New Census Income and Poverty Data: Stalled Progress Means Virginia May Begin Next Recession With Poverty Rates That Are Still Elevated From Prior Recession

Incomes remained fairly steady in 2018 for middle-class Virginia households after adjusting for inflation, yet poverty rates remain well above pre-recession levels and income inequality is increasing. Compared to two years ago, median household income is up 1.9% in Virginia to $72,577 in 2018. Although typical incomes in Virginia are not significantly different from when the Great Recession began, they have rebounded 7.6% after adjusting for inflation from when they bottomed out in 2012 due to the lingering effects of the Great Recession. However, there is more work to be done to make Virginia a commonwealth with opportunity for everyone. 

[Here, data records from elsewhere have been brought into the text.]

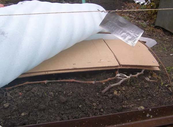Le carton n'est pas le meilleur matériau pour abriter les raisins, il est mouillé et se détériore rapidement, de sorte qu'un tel abri ne peut pas être qualifié de fiable.Bien que, s'il est en outre recouvert par le dessus d'un film ou d'un autre matériau qui ne laisse pas passer l'humidité, cette méthode a de bonnes chances d'exister.
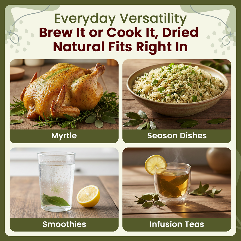 Awaken your wellness ritual with Myrtle Leaf Powder, a premium, finely milled botanical harvested under strict quality standards. Revered for centuries in Mediterranean herbal traditions, this potent green powder is loaded with antioxidant flavonoids, tannins, and essential oils that support radiant skin, digestive balance, respiratory health, and immune resilience. Myrtle Powder with its natural antimicrobial and anti-inflammatory herbs helps soothe blemishes, calm irritation, and promote a healthier complexion. When brewed as a myrtle tea powder or infused into smoothies, it aids digestion, supports gut flora, and gently detoxifies. As a topical mask, it revitalizes tired skin and restores natural glow. Free from fillers, additives, and artificial preservatives, our natural myrtle leaf is 100% pure and third-party lab tested for purity. Suitable for daily use, this versatile myrtus communis powder is your natural ally for skin brightening herbs, holistic beauty, and overall wellness.
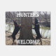 This door mat features a photo of two black and tan coonhounds treeing and says HUNTERS WELCOME.
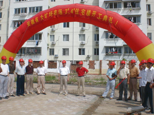 8月18日上午,艳阳高照。大圹圩农场场部 二期职工住宅楼工地上彩旗招展,巨大的彩虹桥会标格外醒目,场部二期职工住宅楼工程开工典礼仪式正在这里举行。场领导及施工单位、工程监理单位、机关场直单位和部分居民参加了开工典礼。
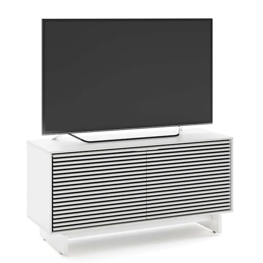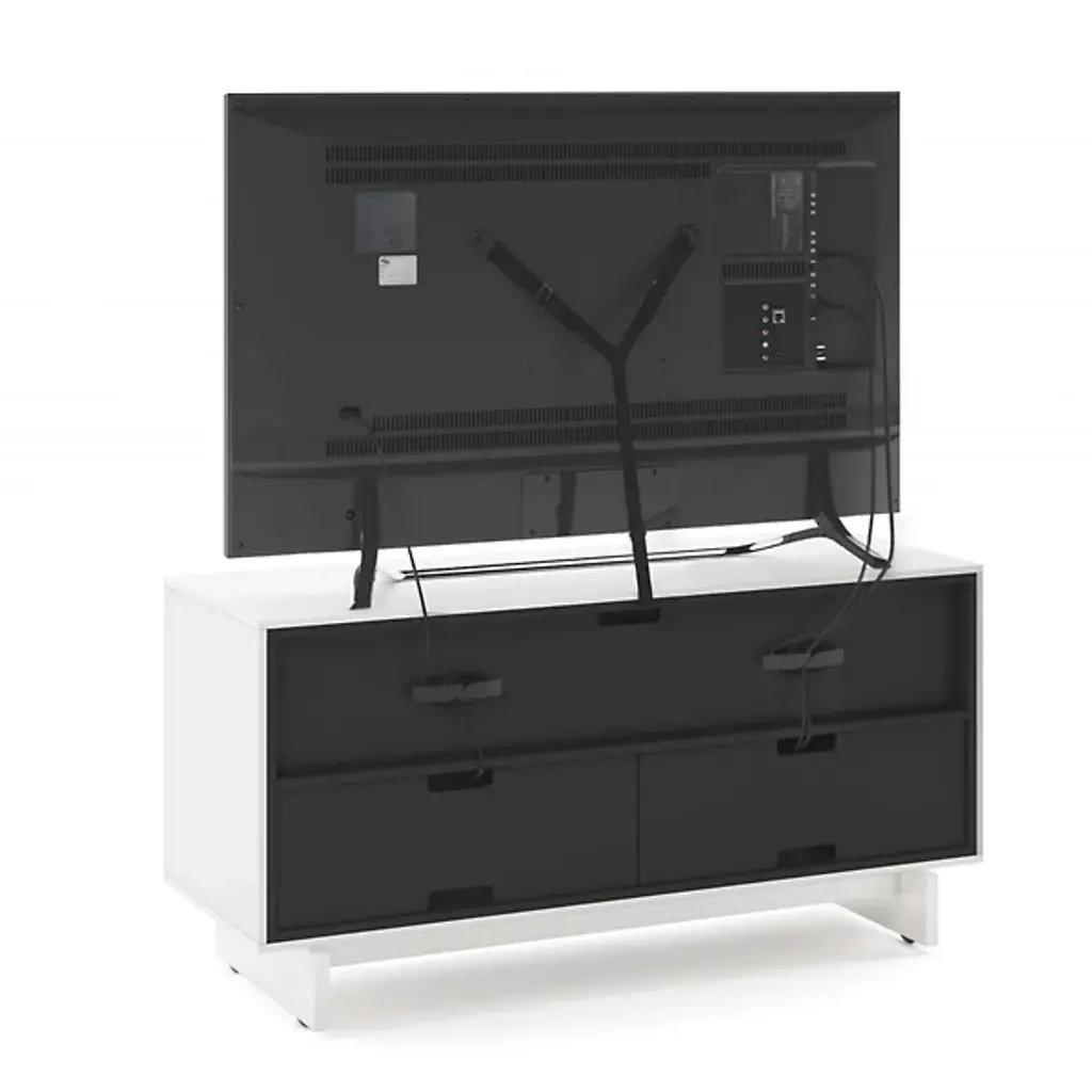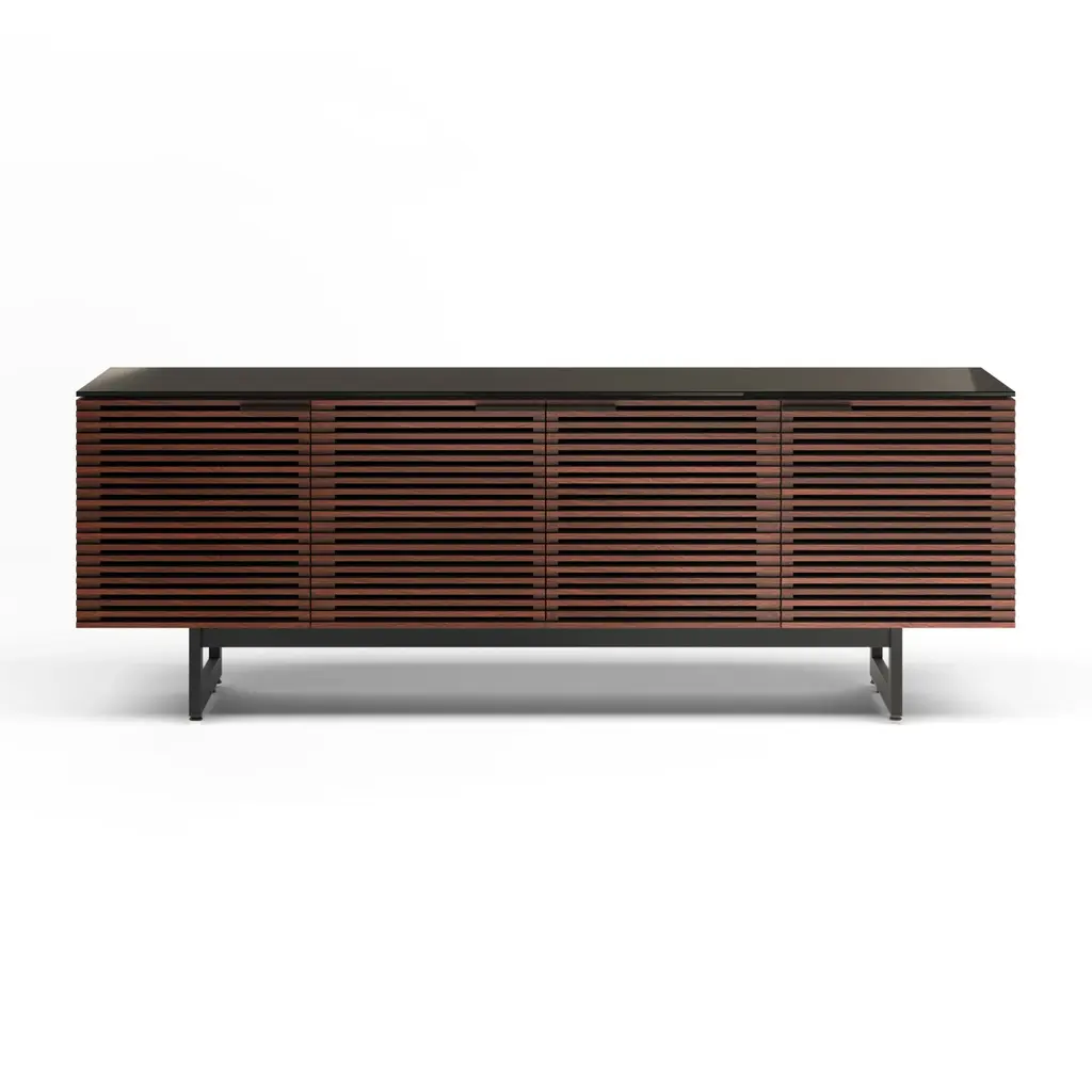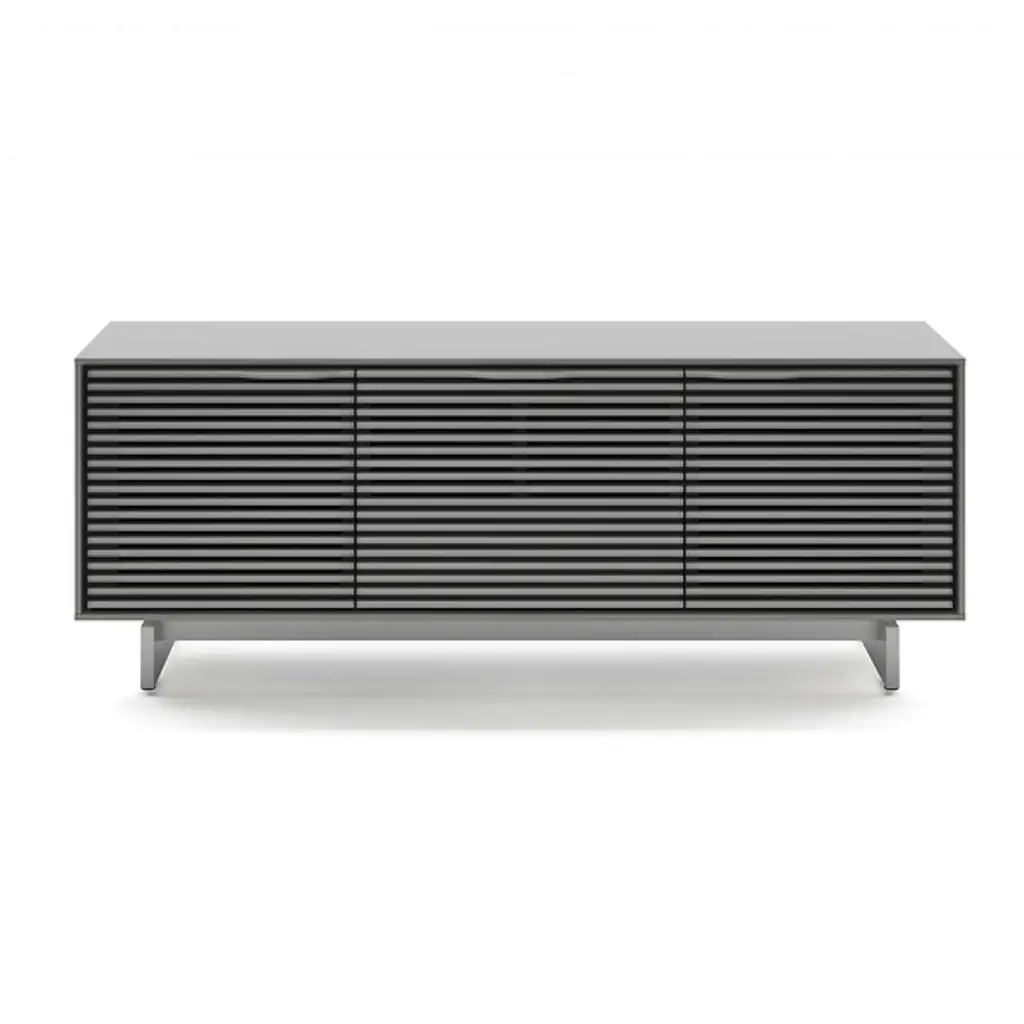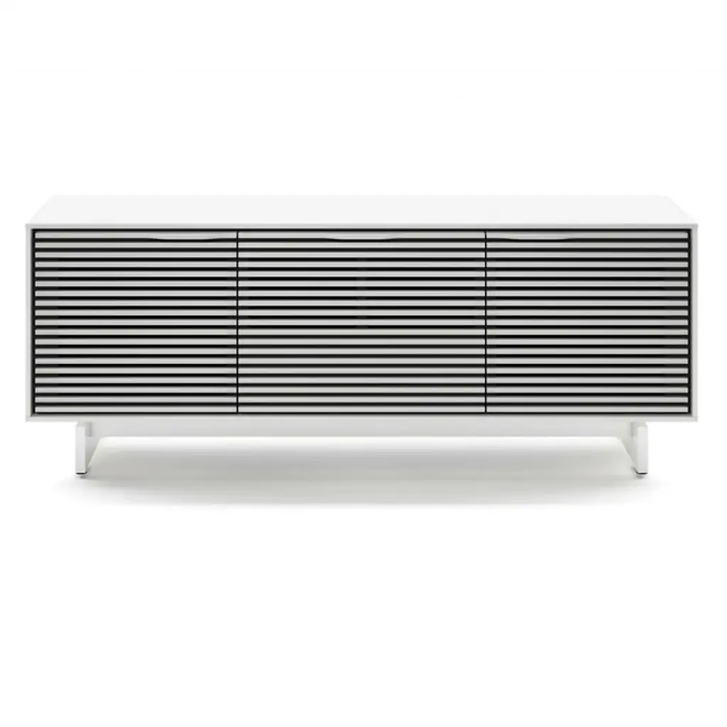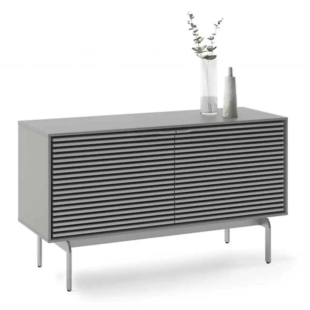 Incredible function married to impressive fashion. The Align Media Cabinet by BDI brings so many innovative features to your entertainment setup, it’s hard to believe the piece isn’t three times the size. Solid Wood shelves and Louvered Wood doors sit within a compact Powder Coated Steel frame. The doors are remote-friendly and the structure features ventilation slats to allow continuous circulation throughout the interior. Adjustable levelers and hidden wheels keep the base ultra sleek while making it easy to reposition the cabinet as needed. Cable management and a rear access panel provide great organizational elements, making full use of the multiple tiers inside the frame. A beautiful accent piece for a modern space, this media cabinet offers everything you need and then some.

The share of Virginians with incomes below the poverty threshold remains higher than before the recession. Statewide, Virginia’s poverty rate was 10.7% in 2018, up from 9.9% in 2007 and not significantly different than the 10.6% rate in 2017. And the share of Virginia children who are living in households with incomes below the poverty threshold was 13.7% in 2018, indicating that even after 10 years of economic recovery, many Virginia families with children are still struggling to make ends meet. Even as the share of Virginia households with incomes above $200,000 grows compared to a few years ago, more than 1 in 3 households in Virginia have incomes under $50,000 a year. Backwards choices by Virginia’s legislators, such as failing to increase Virginia’s minimum wage even as housing and healthcare costs have soared, have contributed to many working people in Virginia being left behind, while the next generation of Virginians attend schools that have endured a decade of cuts.

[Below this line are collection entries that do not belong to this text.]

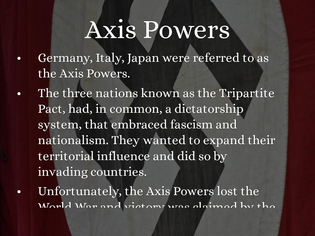 The three nations known as the Tripartite Pact, had, in common, a dictatorship system, that embraced fascism and nationalism. They wanted to expand their territorial influence and did so by invading countries.
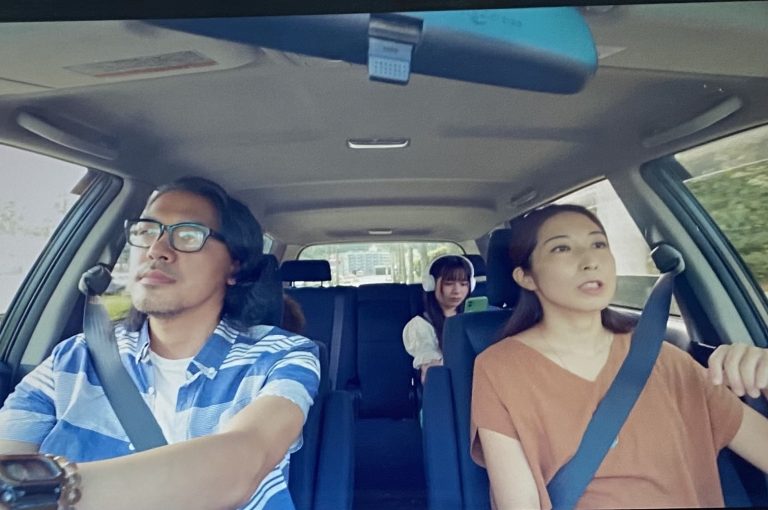 案の定、運転席で楽しそうな両親を後尾座席でつまらなそう。
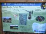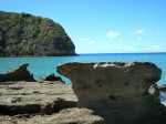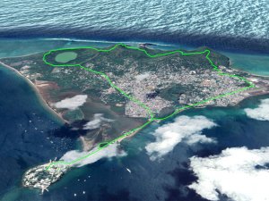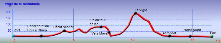 La randonnée qui fait le tour complet de l'île débute au port. La traversée par le ferry est rapide et agréable. Elle permet de prendre un peu d'air frais du large avant d'affronter les grosses chaleurs durant la marche (Photo 1). Une fois débarqué, prendre le Boulevard des Crabes qui est la route principale menant à l'aéroport. Repérer au passage la mangrove à gauche qui se visite par un sentier en caillebotis qu'on garde pour la fin de la boucle. Au carrefour du Four à Chaux, proche du marché couvert de Labattoir, emprunter la rue du Four à Chaux puis la Rue Manga Magari pour remonter tranquillement la longue route des Badamiers. La traversée des petites villes permet de mieux connaître les styles d'habitations ou de commerces. Les routes sont souvent encombrées de détritus ou de carcasses de voitures et l'on voit difficilement les habitations. Plus on monte et plus la ville ressemble à un village avec ses cases modestes, ses clôtures en tôle ondulée ou en feuilles de cocotier (Photo 2). Lorsque la route oblique à gauche, poursuivre sur la Rue Sim puis emprunter le chemin du lac, bien indiqué. La verdure l'emporte largement sur l'habitat (Photo 3). Le sentier est facile à trouver dans le virage en haut de la côte. Comme très souvent sur l'île, un grand panneau pédagogique présente les points forts de cette petite île (Photo 4). L'arrivée au lac est impressionnante et le panorama magnifique (Photo 1). La couleur très particulière de l'eau incite très peu à descendre vers les berges pour se baigner (Photo 6). On pourrait penser que le souffre va tuer les plantes mais c'est l'inverse qui se remarque. Plus on approche des berges et plus la végétation est luxuriante (Photo 7). Le tour du lac emprunte le bord du cratère donnant l'occasion de marcher sur une bande de terre étroite entre le lac et l'océan à 80 m d'altitude (Photo 8). On domine la mer de près de 100 m par endroits et les panoramas sur l'île et le chef-lieu sont nombreux (Photo 9). Le cheminement s'effectue presque à plat sur un sentier ressemblant souvent à une piste (Photo 10). Quelques kiosques permettent de se mettre à l'ombre afin de se rafraîchir un peu. Le tour du lac s'effectue donc sans difficulté et on parvient très vite aux premiers points de vue vers Moya et son discret lagon (Photo 12). Plus loin, on ne se lasse pas d'admirer la zone rocheuse des plages de Moya en essayant de deviner la forme des cratères emportés par la mer et l'érosion (Photo 13). Ce point de vue exceptionnel permet également de voir la longue plage ou les falaises en-dessous de la Vigie (Photo 14). De discrets sentiers de pêcheurs descendent vers la mer. En prenant bien son temps et en fixant l'eau transparente, il est fréquent de voir une tortue remonter à la surface pour respirer. Le sentier qui rejoint la plage de Moya longe le rempart puis descend assez rapidement les 100 mètres de rempart. Un autre sentier, très près du belvédère (voir carte) descend encore plus violemment vers la mangrove qu'on aperçoit au pied de la falaise. Attention, le sentier est très technique et tout le monde n'aimera pas l'emprunter. Il finit dans les arbres bordant la plage où l'on tombe immédiatement sur des lieux de ponte de tortues vertes (Photo 17). On rejoint aussi un platier de corail sur lequel s'installe une belle mangrove (Photo 18). L'endroit est idyllique et mérite les heures que viennent y passer les habitants de la région. Les falaises de Moya sont blanches et trouées de toutes parts (Photo 21) alors que les plages sont recouvertes de traces de tortues venues pondre durant la nuit. Après une baignade, un moment de repos ou une plongée on attaque la petite pente qui mène à la Vigie en traversant de grandes zones de culture du manioc ou d'ananas (Photo 23). On s'élève rapidement sur des pentes parfois un peu fortes mais les paysages, quand on se retourne, viennent compenser l'effort (Photo 24). Une fois la Vigie passée et la route rejointe, on peut redescendre vers Labattoir par la piste et la route à droite ou poursuivre sur le GR en tournant à gauche. C'est la meilleure manière de bénéficier de beaux points de vue sur l'océan ou l'aéroport. La fin de la boucle s'effectue de l'aéroport au port mais de nombreux taxis proposeront leurs services pour des prix très corrects si les jambes commencent à fatiguer. Sinon, on retrouve l'habitat classique sous les grands arbres (Photo 26). Après l'aéroport et le rond-point du Four à Chaux, ne pas manquer de terminer cette longue boucle par une dernière balade dans la mangrove sur un sentier spécialement aménagé (Photo 27). Une occasion de voir de près de petits palétuviers en train de naître de la graine très longue fichée dans la boue (Photo 28). Attention : se renseigner sur les horaires de bac afin de ne pas manquer le dernier même s'ils sont nombreux et fréquents en direction de Mamoudzou.

And there are significant differences in opportunity both across and within regions. Many parts of Virginia experience far lower typical household incomes than the statewide levels. The metro areas of Blacksburg, Harrisonburg, Lynchburg, and Roanoke all have median household incomes at least $17,000 below the statewide median of $72,577; the Richmond, Hampton Roads, and Winchester areas also have median household incomes below statewide levels, although less dramatically. 

And over three-fifths of Virginia families with incomes below the poverty threshold have at least one adult in the household who is working. As a result, there are around 266,000 working adults living in Virginia households with incomes below the poverty threshold, which is just $25,465 for a married couple with two children. And Virginians who are Black or Latinx continue to be more likely than white and Asian American Virginians to have incomes below the poverty line. This isn’t by chance – state policymakers have chosen to perpetuate historical inequities by making a child’s access to a high-quality education contingent on their zipcode and county of residence, by failing to protect low-income first-generation college students from predatory lenders, by blocking attempts to raise Virginia’s minimum wage to more reasonable levels, by denying many immigrants access to driver’s licenses, and by refusing to affirmatively take action to reverse the legacy of past discrimination against Black Virginians.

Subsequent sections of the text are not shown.